Instructions to follow - When you reproduce the listing, keep every word as it is and drop the pictures.

Supplied data -

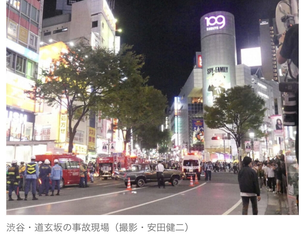 渋谷スクランブル交差点付近に車が突っ込み7人負傷「ドリフトのようなパフォーマンスをしているように見えた」
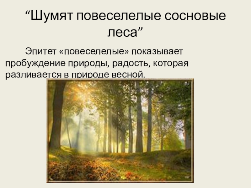 Слайд 20В стихотворении «Зелёный шум» Некрасов олицетворяет два природных образа – образ
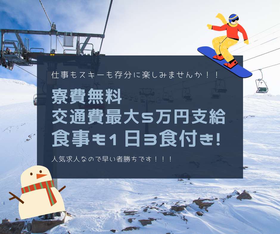 【食費・水光熱費無料】【無料リフト券&無料レンタルあり】【リフト数&パーク充実】【無線LAN環境あり】【女性寮は先着で個室寮あり】【平日毎日無料買い物バスあり】
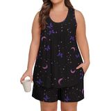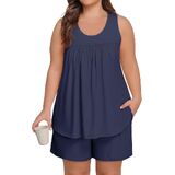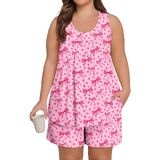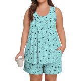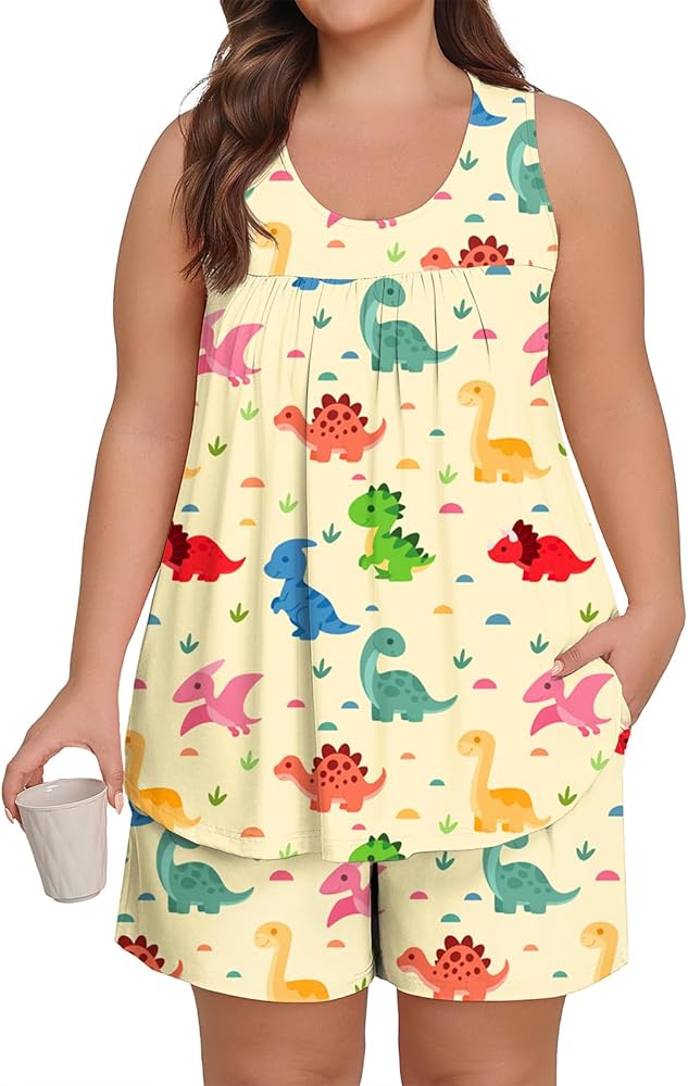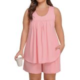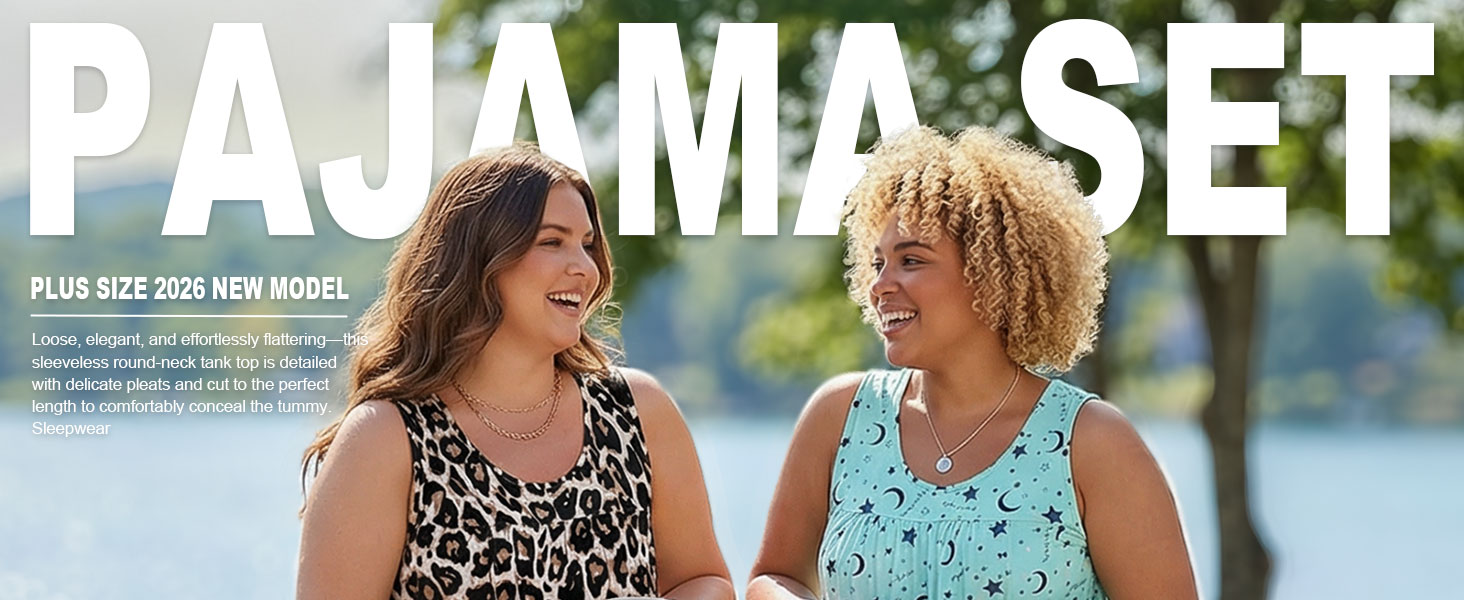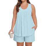 【تصميم رائع】: بيجامات نسائية ناعمة بمقاس كبير مع قمصان بدون أكمام وسراويل قصيرة متطابقة مع جيوب، مناسبة لجميع المواسم. يتميز الجزء العلوي ذو الرقبة الواسعة بتصميم أمامي مطوي يوفر مقاسًا جذابًا يخفي البطن، بينما يوفر الشورت حزام خصر مرن مع رباط قابل للتعديل لملاءمة مريحة وقابلة للتخصيص. استمتع براحة مستمرة طوال الليل
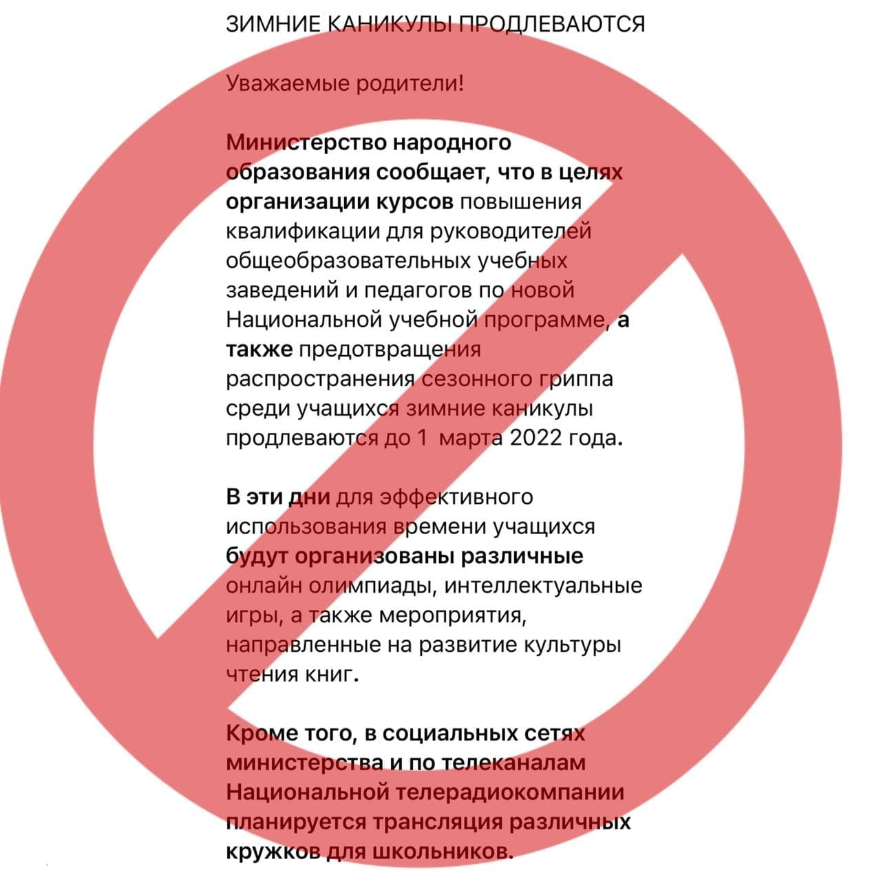 Министерство народного образования сообщило, что зимние каникулы продлеваются до 24 января для того, чтобы предотвратить распространение сезонного гриппа среди учащихся. Кроме того, в это время будут организованы курсы повышения квалификации для руководителей общеобразовательных учебных заведений и педагогов по новой Национальной учебной программе.
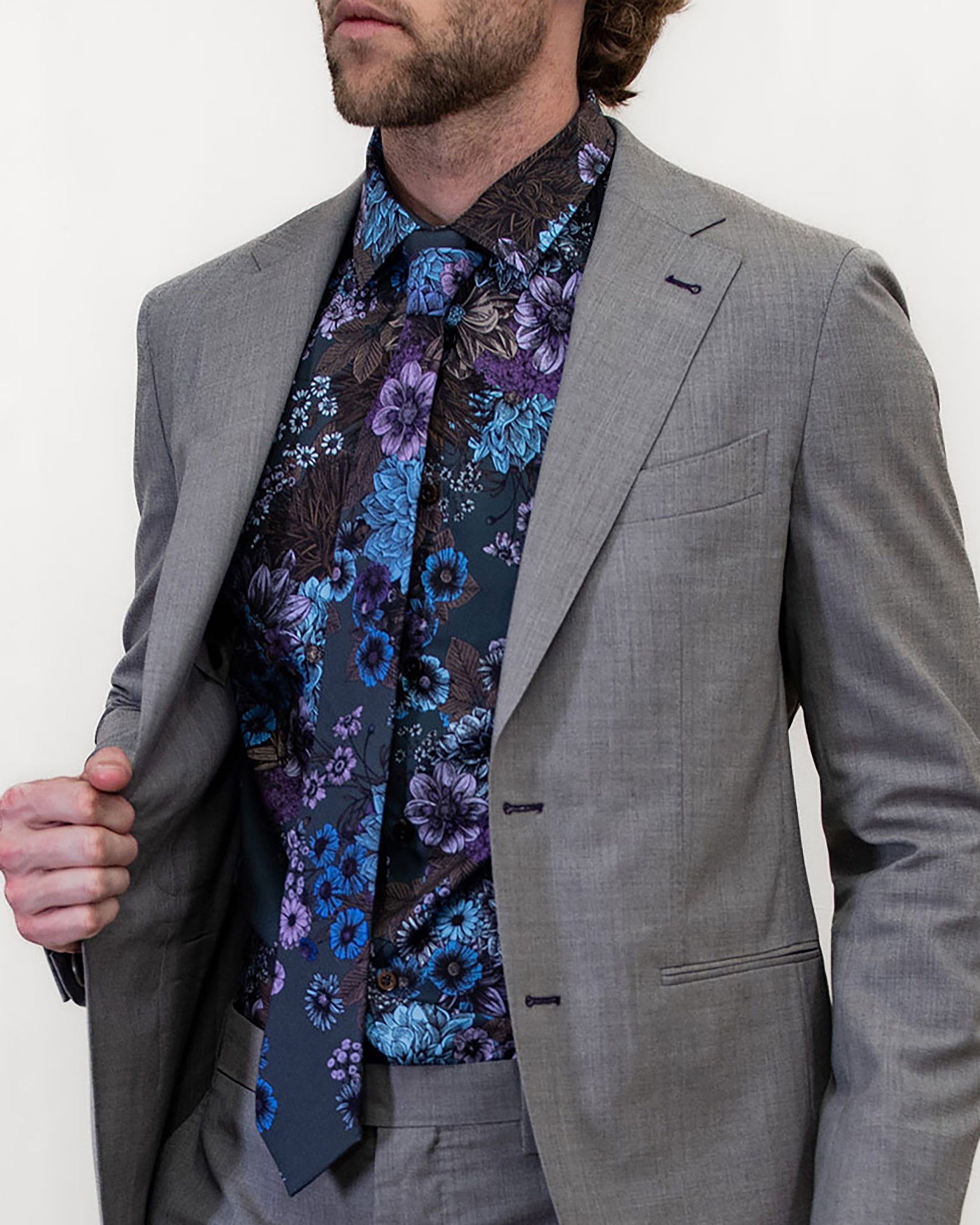 NICOLI MARCO FLORAL COTTON SHIRT - CHARCOAL
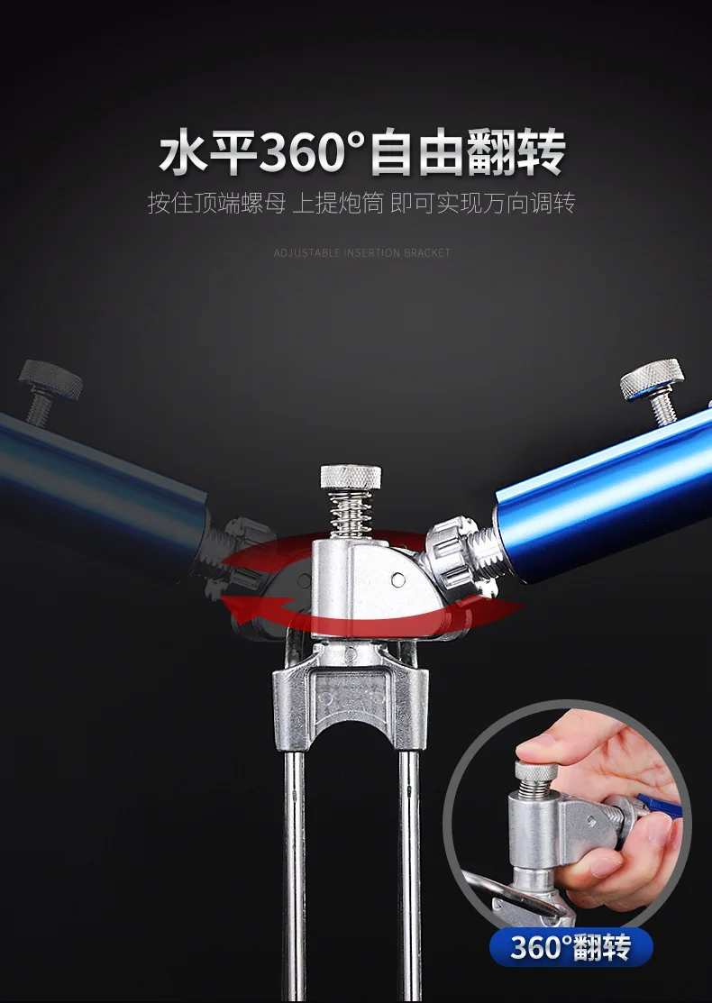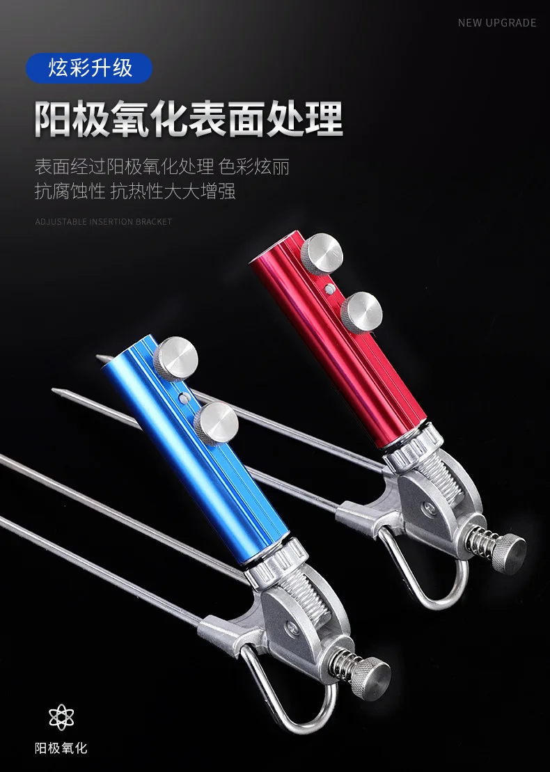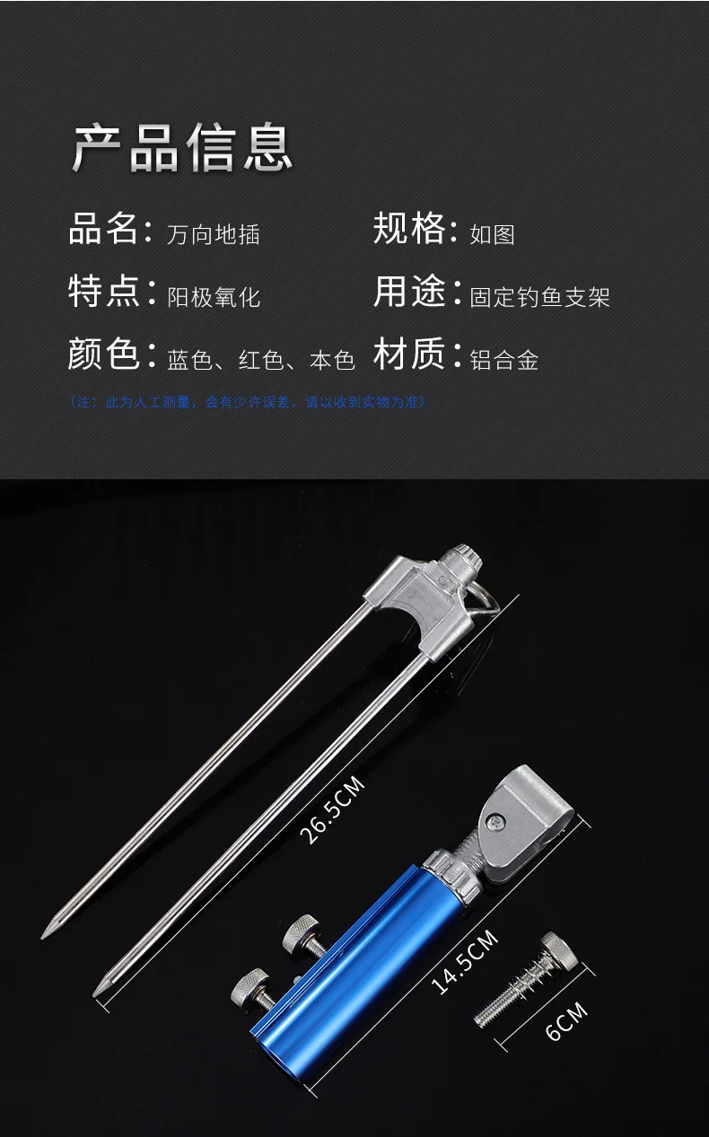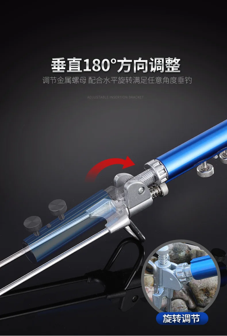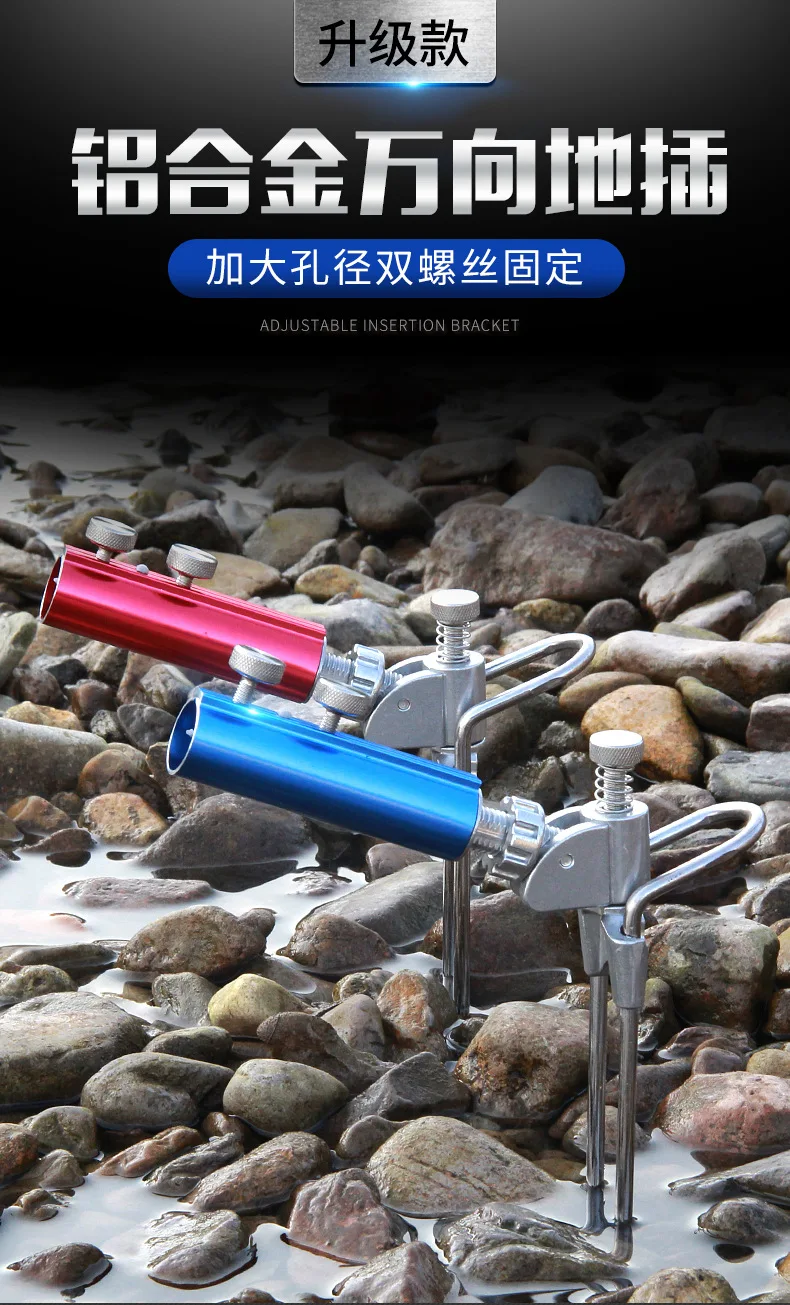 Caña de pescar de acero inoxidable GF23, soporte para tenedores de tierra, cinta de color, presione el enchufe a las direcciones Adjsut.
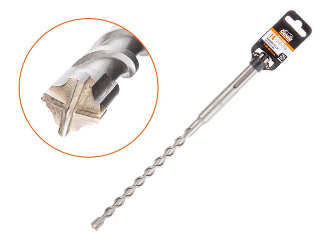 Тип и назна­че­ние: бур (свер­ло) для свер­ле­ния отвер­стий в бетоне, арми­ро­ван­ном бетоне, кир­пич­ной клад­ке, при­род­ном и искус­ствен­ном камне. Осна­щен твер­до­сплав­ным карбид-​вольфрамовым нако­неч­ни­ком с четырь­мя режу­щи­ми кром­ка­ми. Цен­три­ру­ю­щий нако­неч­ник обес­пе­чи­ва­ет точ­ное засвер­ли­ва­ние. Кор­пус бура выпол­нен из зака­лен­ной кон­струк­ци­он­ной леги­ро­ван­ной ста­ли и тер­мо­об­ра­бо­тан. Канав­ка U‑образной фор­мы спо­соб­ству­ет эффек­тив­но­му отво­ду шла­ма. Под­хо­дит для интен­сив­ных нагру­зок,
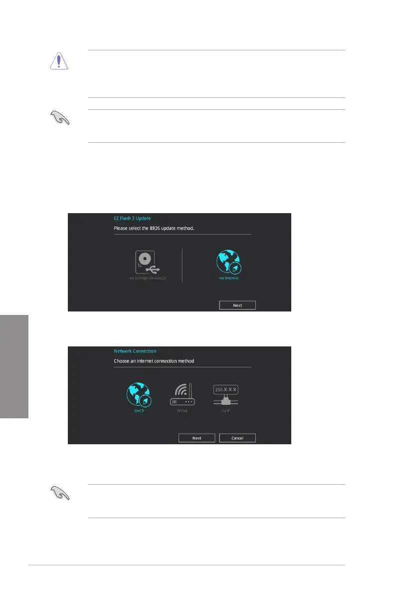 3. Press the Left/Right arrow keys to select an Internet connection method, and then

Problem solution -
 渋谷スクランブル交差点付近に車が突っ込み7人負傷「ドリフトのようなパフォーマンスをしているように見えた」
 Слайд 20В стихотворении «Зелёный шум» Некрасов олицетворяет два природных образа – образ
 【食費・水光熱費無料】【無料リフト券&無料レンタルあり】【リフト数&パーク充実】【無線LAN環境あり】【女性寮は先着で個室寮あり】【平日毎日無料買い物バスあり】
 【تصميم رائع】: بيجامات نسائية ناعمة بمقاس كبير مع قمصان بدون أكمام وسراويل قصيرة متطابقة مع جيوب، مناسبة لجميع المواسم. يتميز الجزء العلوي ذو الرقبة الواسعة بتصميم أمامي مطوي يوفر مقاسًا جذابًا يخفي البطن، بينما يوفر الشورت حزام خصر مرن مع رباط قابل للتعديل لملاءمة مريحة وقابلة للتخصيص. استمتع براحة مستمرة طوال الليل
 Министерство народного образования сообщило, что зимние каникулы продлеваются до 24 января для того, чтобы предотвратить распространение сезонного гриппа среди учащихся. Кроме того, в это время будут организованы курсы повышения квалификации для руководителей общеобразовательных учебных заведений и педагогов по новой Национальной учебной программе.
 NICOLI MARCO FLORAL COTTON SHIRT - CHARCOAL
 Caña de pescar de acero inoxidable GF23, soporte para tenedores de tierra, cinta de color, presione el enchufe a las direcciones Adjsut.
 Тип и назна­че­ние: бур (свер­ло) для свер­ле­ния отвер­стий в бетоне, арми­ро­ван­ном бетоне, кир­пич­ной клад­ке, при­род­ном и искус­ствен­ном камне. Осна­щен твер­до­сплав­ным карбид-​вольфрамовым нако­неч­ни­ком с четырь­мя режу­щи­ми кром­ка­ми. Цен­три­ру­ю­щий нако­неч­ник обес­пе­чи­ва­ет точ­ное засвер­ли­ва­ние. Кор­пус бура выпол­нен из зака­лен­ной кон­струк­ци­он­ной леги­ро­ван­ной ста­ли и тер­мо­об­ра­бо­тан. Канав­ка U‑образной фор­мы спо­соб­ству­ет эффек­тив­но­му отво­ду шла­ма. Под­хо­дит для интен­сив­ных нагру­зок,
 3. Press the Left/Right arrow keys to select an Internet connection method, and then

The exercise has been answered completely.